▸ **ENTRIES SUPPLIED**:
^^^^^^^^^^^^^^^^

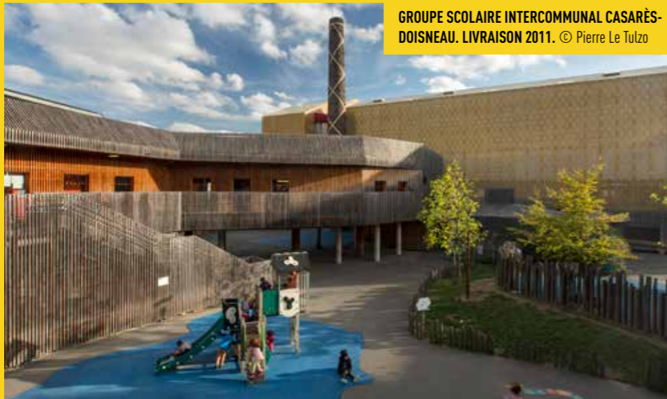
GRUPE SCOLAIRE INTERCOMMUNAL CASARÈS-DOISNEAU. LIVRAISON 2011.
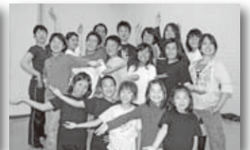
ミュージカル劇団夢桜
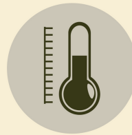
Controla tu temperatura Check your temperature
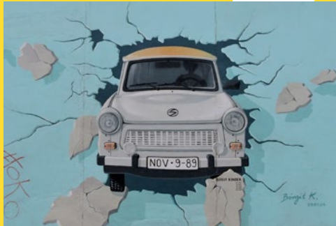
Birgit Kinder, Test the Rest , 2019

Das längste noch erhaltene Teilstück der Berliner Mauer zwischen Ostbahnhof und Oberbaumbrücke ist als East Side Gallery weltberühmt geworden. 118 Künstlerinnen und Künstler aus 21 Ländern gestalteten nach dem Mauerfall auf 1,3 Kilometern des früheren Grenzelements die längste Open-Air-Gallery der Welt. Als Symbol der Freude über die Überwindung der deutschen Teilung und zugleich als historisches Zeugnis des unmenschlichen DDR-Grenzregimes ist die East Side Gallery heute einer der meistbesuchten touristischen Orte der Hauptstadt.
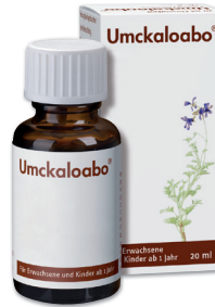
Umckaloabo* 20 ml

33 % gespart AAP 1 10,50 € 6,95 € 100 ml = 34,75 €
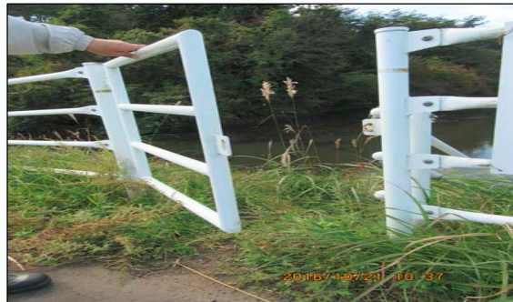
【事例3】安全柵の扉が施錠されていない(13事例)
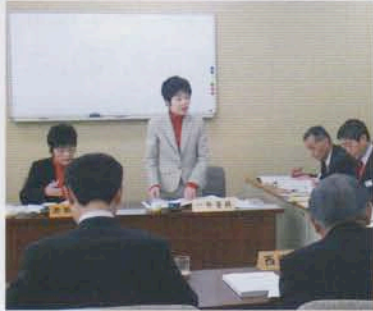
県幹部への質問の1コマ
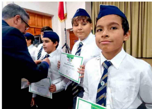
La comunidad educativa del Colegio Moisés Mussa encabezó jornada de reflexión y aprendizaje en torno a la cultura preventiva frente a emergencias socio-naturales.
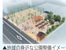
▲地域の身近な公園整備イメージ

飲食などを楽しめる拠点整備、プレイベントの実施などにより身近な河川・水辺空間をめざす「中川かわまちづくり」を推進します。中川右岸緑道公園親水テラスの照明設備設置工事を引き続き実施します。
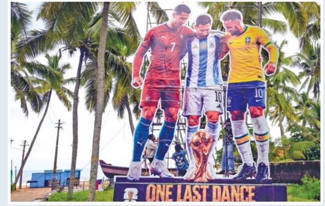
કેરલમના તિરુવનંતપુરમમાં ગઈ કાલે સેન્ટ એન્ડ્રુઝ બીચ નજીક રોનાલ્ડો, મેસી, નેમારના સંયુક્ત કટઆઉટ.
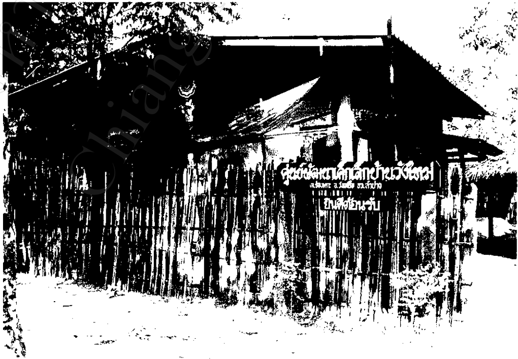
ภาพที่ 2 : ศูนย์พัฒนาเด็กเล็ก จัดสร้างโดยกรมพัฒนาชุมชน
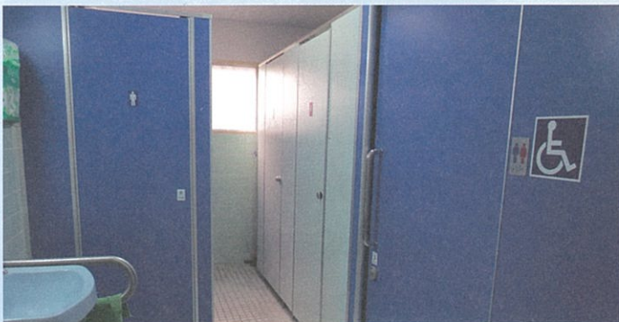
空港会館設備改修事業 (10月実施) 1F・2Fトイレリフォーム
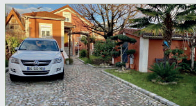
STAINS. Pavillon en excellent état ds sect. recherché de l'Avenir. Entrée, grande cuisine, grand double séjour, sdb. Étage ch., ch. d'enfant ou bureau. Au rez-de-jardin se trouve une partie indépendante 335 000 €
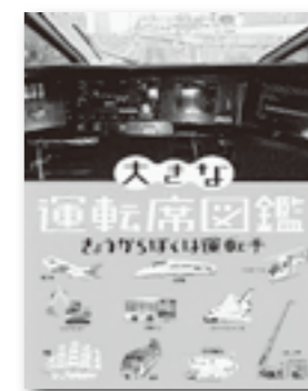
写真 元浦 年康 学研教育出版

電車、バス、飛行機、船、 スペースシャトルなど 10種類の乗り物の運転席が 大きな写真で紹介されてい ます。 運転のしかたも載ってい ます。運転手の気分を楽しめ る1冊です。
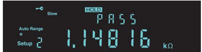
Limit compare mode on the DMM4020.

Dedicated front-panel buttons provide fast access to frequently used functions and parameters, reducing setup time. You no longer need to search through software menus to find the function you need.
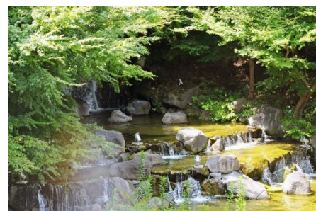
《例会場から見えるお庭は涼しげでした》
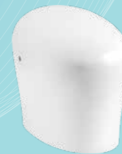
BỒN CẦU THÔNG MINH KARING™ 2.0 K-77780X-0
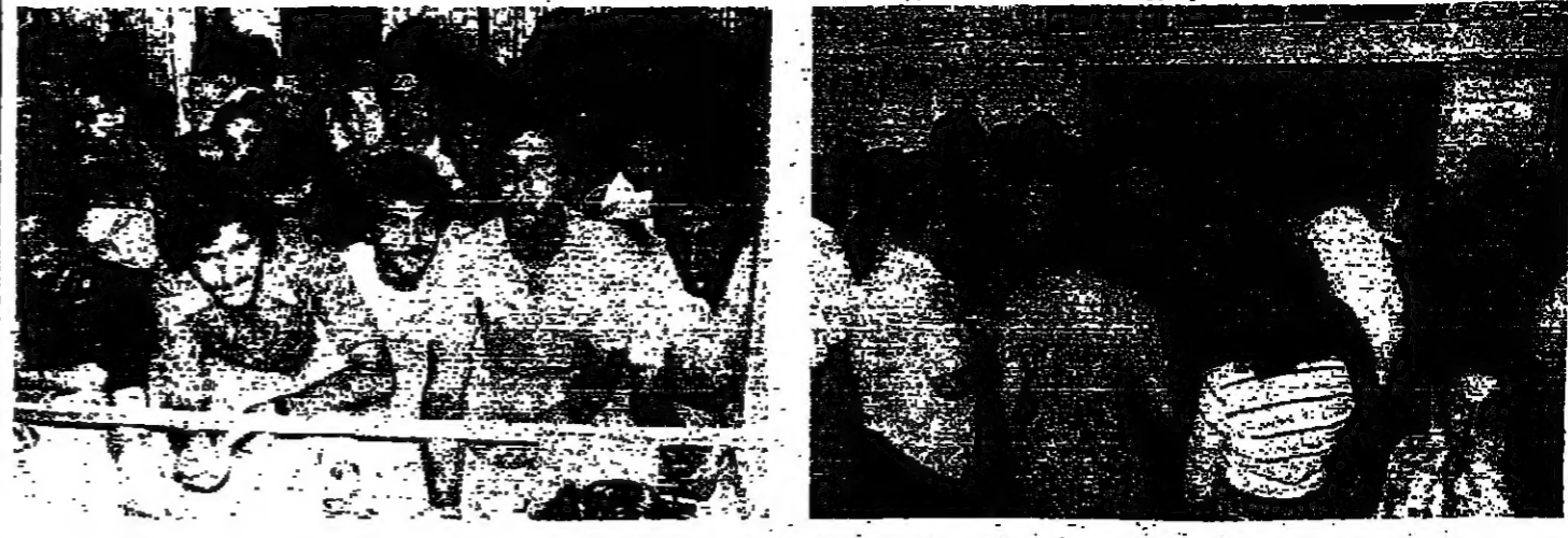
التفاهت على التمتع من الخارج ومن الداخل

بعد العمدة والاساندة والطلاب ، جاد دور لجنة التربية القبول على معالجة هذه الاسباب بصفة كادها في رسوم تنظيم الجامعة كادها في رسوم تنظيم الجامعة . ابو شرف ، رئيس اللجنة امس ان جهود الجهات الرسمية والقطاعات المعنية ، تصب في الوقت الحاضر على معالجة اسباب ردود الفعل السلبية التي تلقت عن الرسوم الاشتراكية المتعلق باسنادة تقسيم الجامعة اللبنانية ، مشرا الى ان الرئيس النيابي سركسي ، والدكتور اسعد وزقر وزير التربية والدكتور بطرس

^^^^^^^^^^^^^^^^

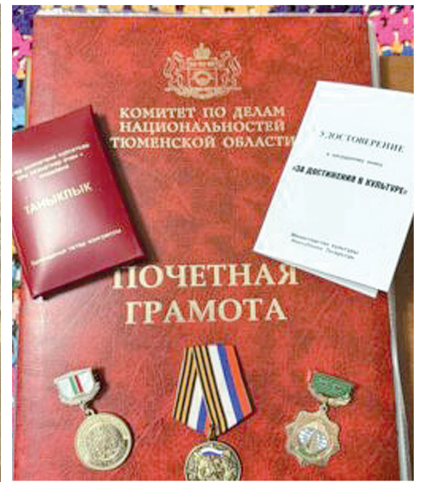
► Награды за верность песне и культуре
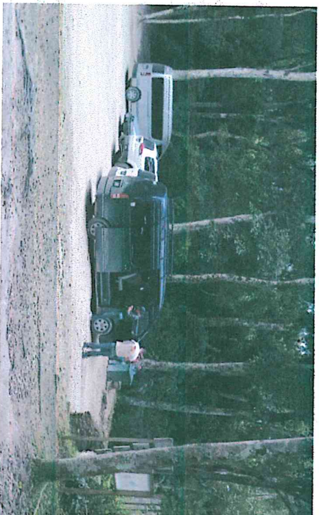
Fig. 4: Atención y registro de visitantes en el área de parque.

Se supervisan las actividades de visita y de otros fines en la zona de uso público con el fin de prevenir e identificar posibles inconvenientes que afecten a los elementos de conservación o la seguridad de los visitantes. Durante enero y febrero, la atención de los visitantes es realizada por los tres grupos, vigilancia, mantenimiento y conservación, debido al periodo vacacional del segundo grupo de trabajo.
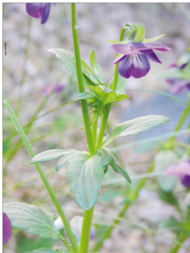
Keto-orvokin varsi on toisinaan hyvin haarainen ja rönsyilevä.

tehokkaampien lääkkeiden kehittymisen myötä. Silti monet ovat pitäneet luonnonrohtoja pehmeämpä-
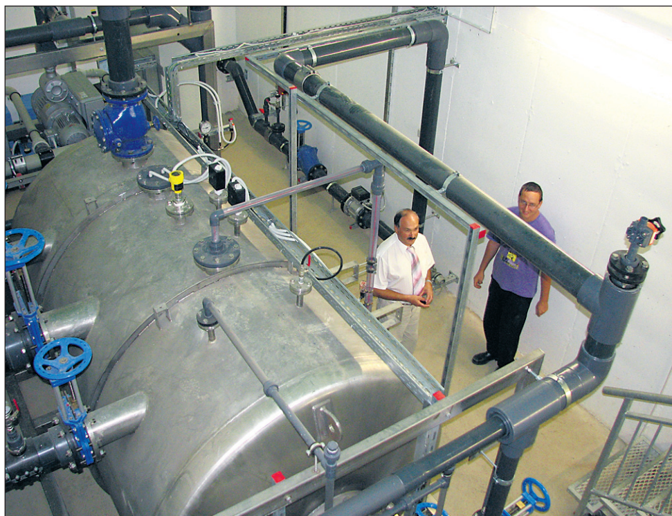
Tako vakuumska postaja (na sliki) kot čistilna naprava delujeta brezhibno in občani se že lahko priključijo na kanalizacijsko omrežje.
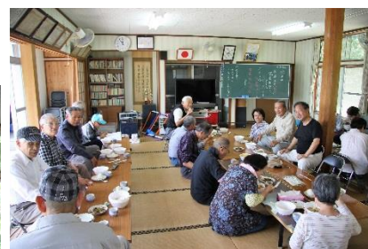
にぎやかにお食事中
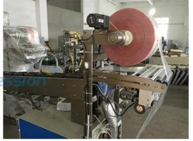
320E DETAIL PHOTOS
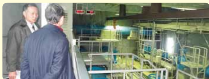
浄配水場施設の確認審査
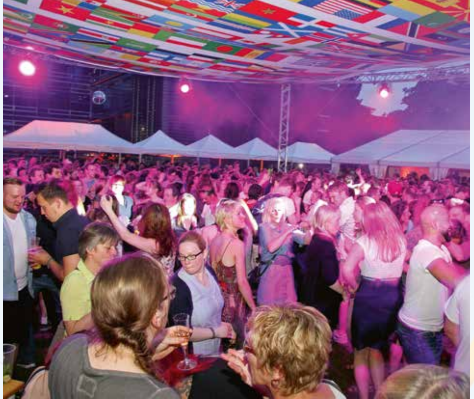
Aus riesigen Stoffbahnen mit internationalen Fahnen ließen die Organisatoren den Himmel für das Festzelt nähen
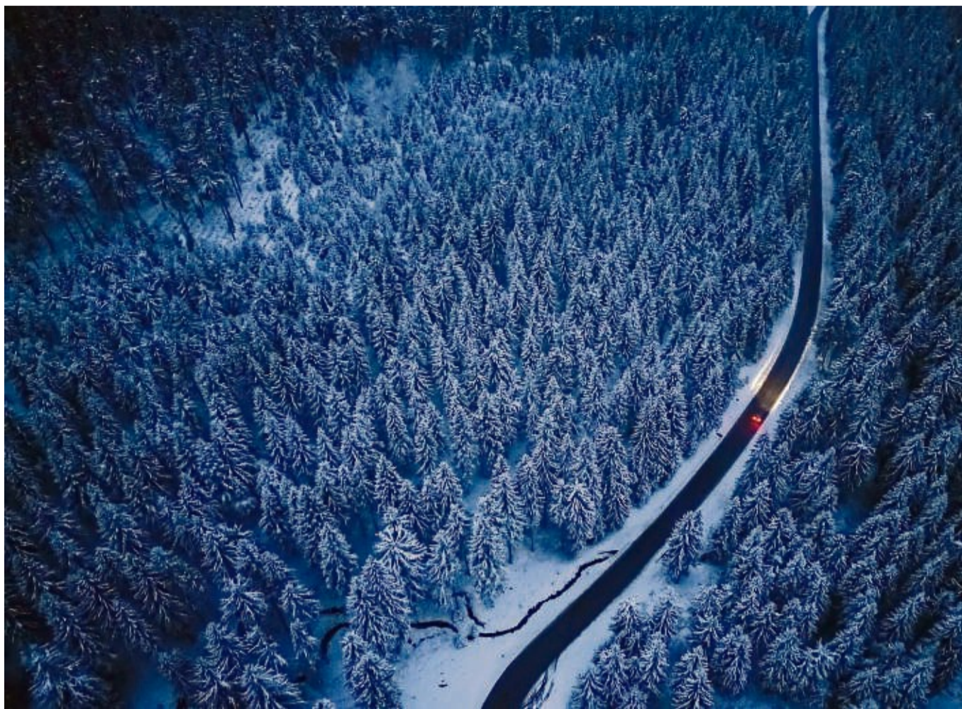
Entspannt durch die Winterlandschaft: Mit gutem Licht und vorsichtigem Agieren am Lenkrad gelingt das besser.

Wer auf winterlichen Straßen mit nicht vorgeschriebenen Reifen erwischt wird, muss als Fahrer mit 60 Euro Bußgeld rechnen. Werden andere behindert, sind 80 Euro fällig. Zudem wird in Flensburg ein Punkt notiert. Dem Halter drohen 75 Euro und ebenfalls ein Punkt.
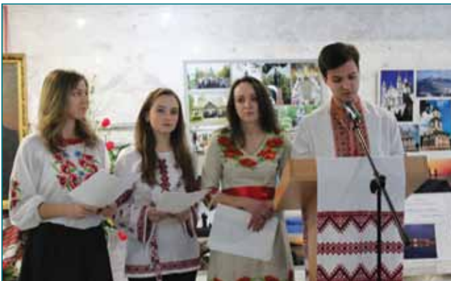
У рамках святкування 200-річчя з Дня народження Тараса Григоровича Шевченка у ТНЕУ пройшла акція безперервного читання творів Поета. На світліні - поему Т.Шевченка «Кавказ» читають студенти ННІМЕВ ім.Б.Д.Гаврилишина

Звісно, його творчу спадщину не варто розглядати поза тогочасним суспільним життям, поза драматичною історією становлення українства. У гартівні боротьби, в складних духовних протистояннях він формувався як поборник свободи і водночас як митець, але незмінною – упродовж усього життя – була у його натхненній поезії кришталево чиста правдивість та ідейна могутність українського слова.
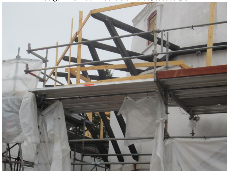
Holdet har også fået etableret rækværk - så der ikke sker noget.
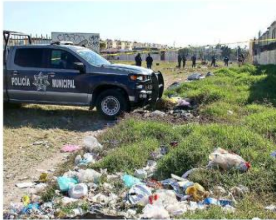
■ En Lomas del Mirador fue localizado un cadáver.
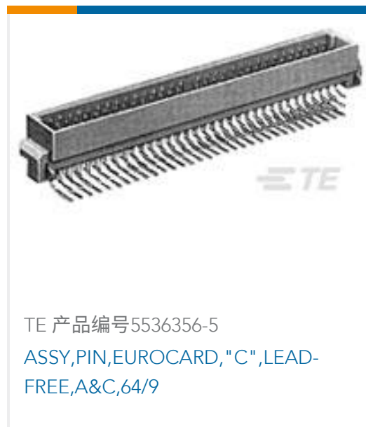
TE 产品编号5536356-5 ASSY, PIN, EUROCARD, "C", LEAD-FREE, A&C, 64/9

^^^^^^^^^^^^^^^^

▸ **TASK TO CARRY OUT**: Lines wanted from the entries above: the one with "песне и культуре", the one with "Entspannt durch die", and all lines between. Please copy them exactly, without the pictures and without anything else.

▸ **RESULT OF THE TASK**:
► Награды за верность песне и культуре
Fig. 4: Atención y registro de visitantes en el área de parque.

Se supervisan las actividades de visita y de otros fines en la zona de uso público con el fin de prevenir e identificar posibles inconvenientes que afecten a los elementos de conservación o la seguridad de los visitantes. Durante enero y febrero, la atención de los visitantes es realizada por los tres grupos, vigilancia, mantenimiento y conservación, debido al periodo vacacional del segundo grupo de trabajo.
Keto-orvokin varsi on toisinaan hyvin haarainen ja rönsyilevä.

tehokkaampien lääkkeiden kehittymisen myötä. Silti monet ovat pitäneet luonnonrohtoja pehmeämpä-
Tako vakuumska postaja (na sliki) kot čistilna naprava delujeta brezhibno in občani se že lahko priključijo na kanalizacijsko omrežje.
にぎやかにお食事中
320E DETAIL PHOTOS
浄配水場施設の確認審査
Aus riesigen Stoffbahnen mit internationalen Fahnen ließen die Organisatoren den Himmel für das Festzelt nähen
Entspannt durch die Winterlandschaft: Mit gutem Licht und vorsichtigem Agieren am Lenkrad gelingt das besser.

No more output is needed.